Leetcode #1344: Angle Between Hands of a Clock

In this guide, we solve Leetcode #1344 Angle Between Hands of a Clock in Python and focus on the core idea that makes the solution efficient.

You will see the intuition, the step-by-step method, and a clean Python implementation you can use in interviews.

Leetcode

Problem Statement

Given two numbers, hour and minutes, return the smaller angle (in degrees) formed between the hour and the minute hand. Answers within 10-5 of the actual value will be accepted as correct.

Quick Facts

Difficulty: Medium
Premium: No
Tags: Math

Intuition

There is a mathematical invariant or formula that directly leads to the result.

Using math avoids unnecessary loops and reduces complexity.

Approach

Derive the formula or update rule, then compute the answer directly.

Handle edge cases like overflow or zero carefully.

Steps:

Identify the math relationship.
Compute the result with a loop or formula.
Handle edge cases.

Example

Input: hour = 12, minutes = 30
Output: 165

Python Solution

class Solution:
    def angleClock(self, hour: int, minutes: int) -> float:
        h = 30 * hour + 0.5 * minutes
        m = 6 * minutes
        diff = abs(h - m)
        return min(diff, 360 - diff)

Complexity

The time complexity is O(n) or O(1). The space complexity is O(1).

Edge Cases and Pitfalls

Watch for boundary values, empty inputs, and duplicate values where applicable. If the problem involves ordering or constraints, confirm the invariant is preserved at every step.

Summary

This Python solution focuses on the essential structure of the problem and keeps the implementation interview-friendly while meeting the constraints.
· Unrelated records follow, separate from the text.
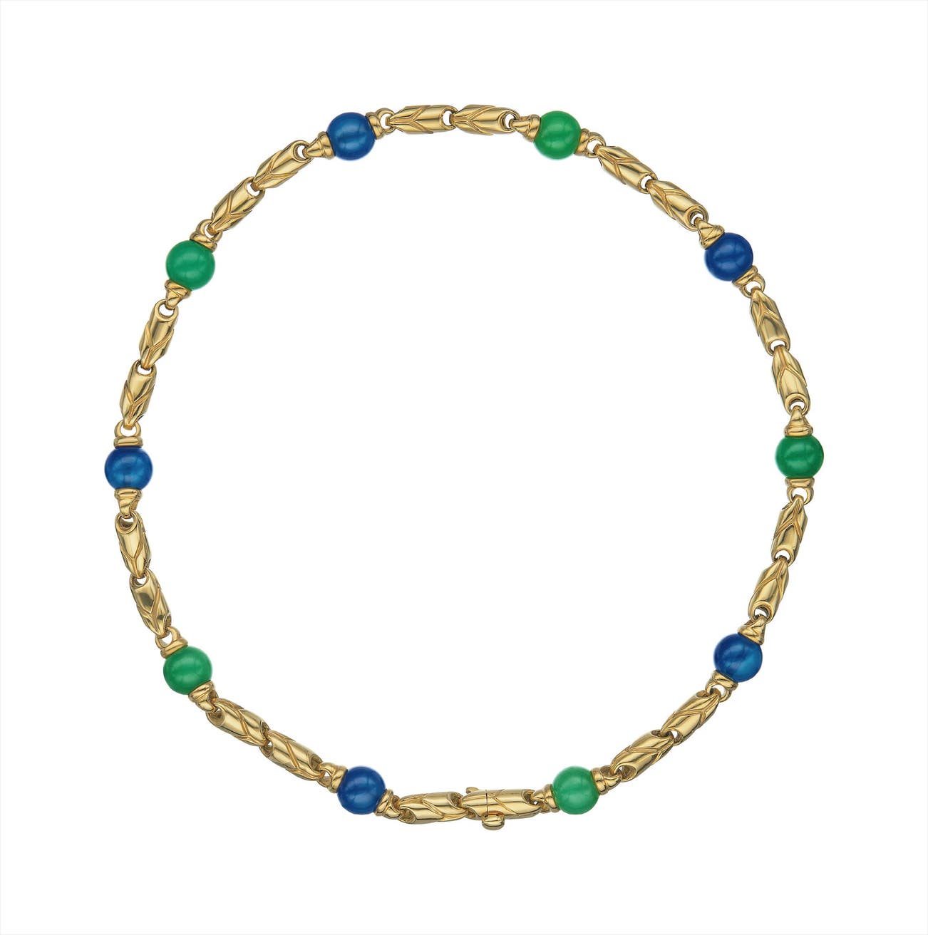 A Gold, Chrysoprase, and Chalcedony Necklace
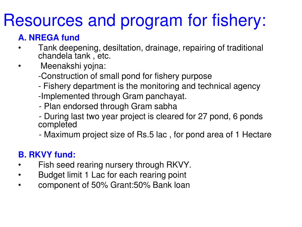 Resources and program for fishery: A. NREGA fund • Tank deepening, desiltation, drainage, repairing of traditional chandela tank , etc. • Meenakshi yojna: -Construction of small pond for fishery purpose - Fishery department is the monitoring and technical agency -Implemented through Gram panchayat. - Plan endorsed through Gram sabha - During last two year project is cleared for 27 pond, 6 ponds completed - Maximum project size of Rs.5 lac , for pond area of 1 Hectare B. RKVY fund: • Fish seed rearing nursery through RKVY. • Budget limit 1 Lac for each rearing point • component of 50% Grant:50% Bank loan
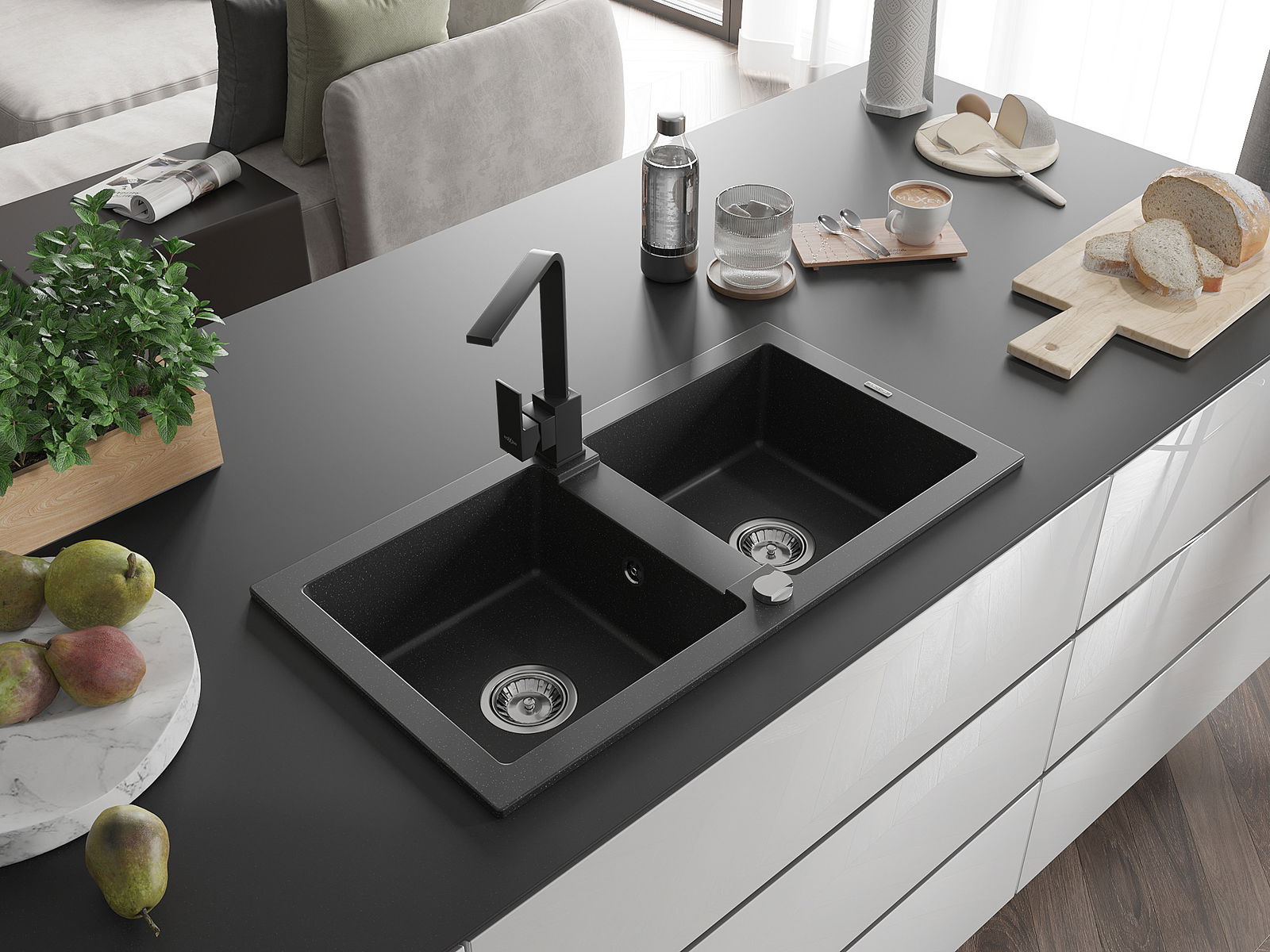 The sink is made of high quality granite. It is an elegant and, above all, practical complement to every kitchen, regardless of its style. High quality and granite durability ensure many years of use.

Leetcode #1344: Angle Between Hands of a Clock

In this guide, we solve Leetcode #1344 Angle Between Hands of a Clock in Python and focus on the core idea that makes the solution efficient.

You will see the intuition, the step-by-step method, and a clean Python implementation you can use in interviews.

Leetcode

Problem Statement

Given two numbers, hour and minutes, return the smaller angle (in degrees) formed between the hour and the minute hand. Answers within 10-5 of the actual value will be accepted as correct.

Quick Facts

Difficulty: Medium
Premium: No
Tags: Math

Intuition

There is a mathematical invariant or formula that directly leads to the result.

Using math avoids unnecessary loops and reduces complexity.

Approach

Derive the formula or update rule, then compute the answer directly.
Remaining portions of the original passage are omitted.